“The wine, Mrs Wilton.”

“But it’s the best port, my dear—not what I give to the poor.”

“And the bit of chicken, Mrs Wilton,” said Jenny, viciously.

“But it isn’t a bit, my dear; it’s a whole one,” said the lady, looking troubled.

“A cold one, left over from last night’s dinner,” said Jenny, half hysterically.

“Indeed, no, my dear,” cried the visitor, appealingly; “it isn’t a cooked one at all, but a nice, young Dorking cockerel from the farm.”

“And a bunch of mouldy grapes,” cried Jenny, passionately, bursting into a fit of sobbing, “just as if I were widow Gee!”

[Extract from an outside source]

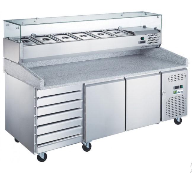 Meuble à pizza avec vitrine réfrigérée et tiroirs à pâton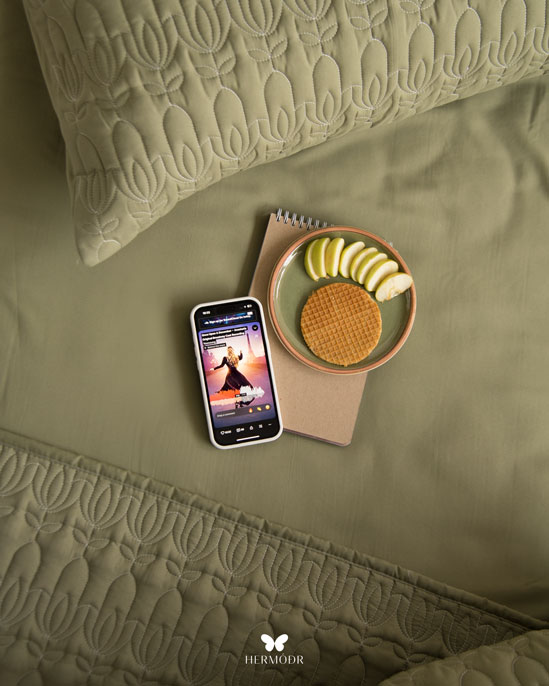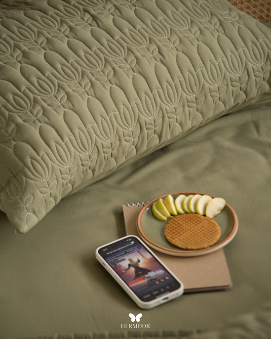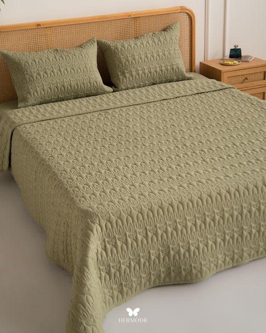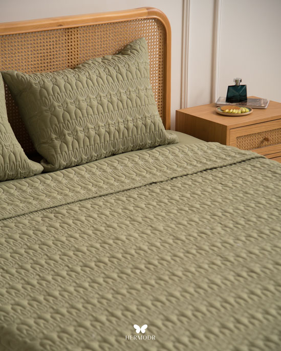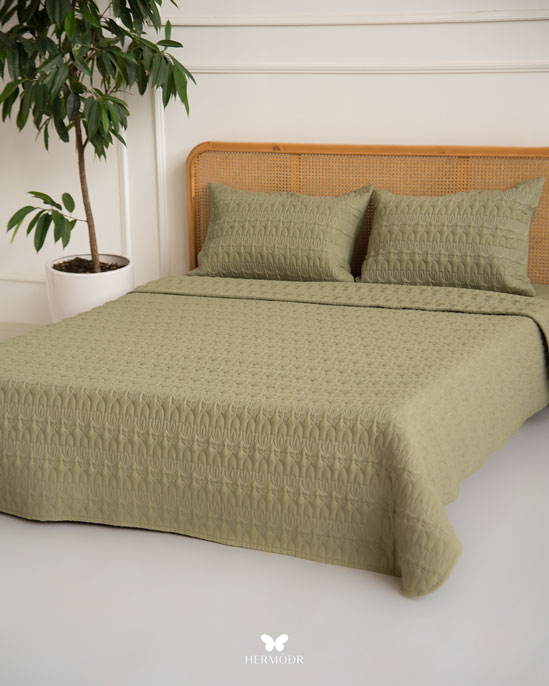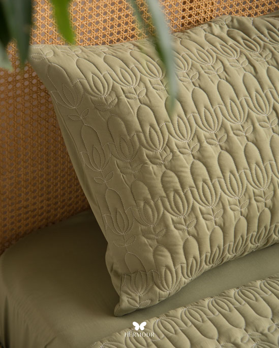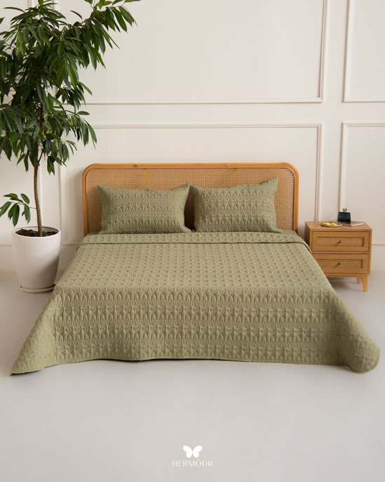 Иранский комплект покрывала и наволочек Lalehzar Green в спокойном зелёном оттенке с мягким природным рисунком. Ткань создаёт ощущение свежести и делает спальню более «воздушной», поэтому особенно хорошо подходит для светлых интерьеров.

“Why, my dear child, I—oh, I see, I see; you’re only just getting better, and you’re lonely and low, and it makes you feel fractious and cross, and I know. There, there, there, my poor darling! I ought to have come before and seen you, for I always did like to see your pretty, little, merry face, and there, there, there!” she continued, as she knelt by the chair, and in a gentle, motherly way, drew the little, thin invalid to her expansive breast, kissing and fondling and cooing over her, as she rocked her to and fro, using her own scented handkerchief to dry the tears.

“That’s right. Have a good cry, my dear. It will relieve you, and you’ll feel better then. I know myself how peevish it makes one to be ill, with no one to tend and talk to you; but you won’t be angry with me now for bringing you the fruit and wine, for indeed, indeed, they are the best to be had, and do you think I’d be so purse-proud and insulting as to treat you as one of the poor people? No, indeed, my dear, for I don’t mind telling you that I’m only going to be a poor woman myself, for things are to be very sadly altered, and when I come to see you, if I’m to stay here instead of going to the workhouse, there’ll be no carriage, but I shall have to walk.”

“I—I—beg your pardon, Mrs Wilton,” sobbed Jenny. “I say cross things since I have been so ill.”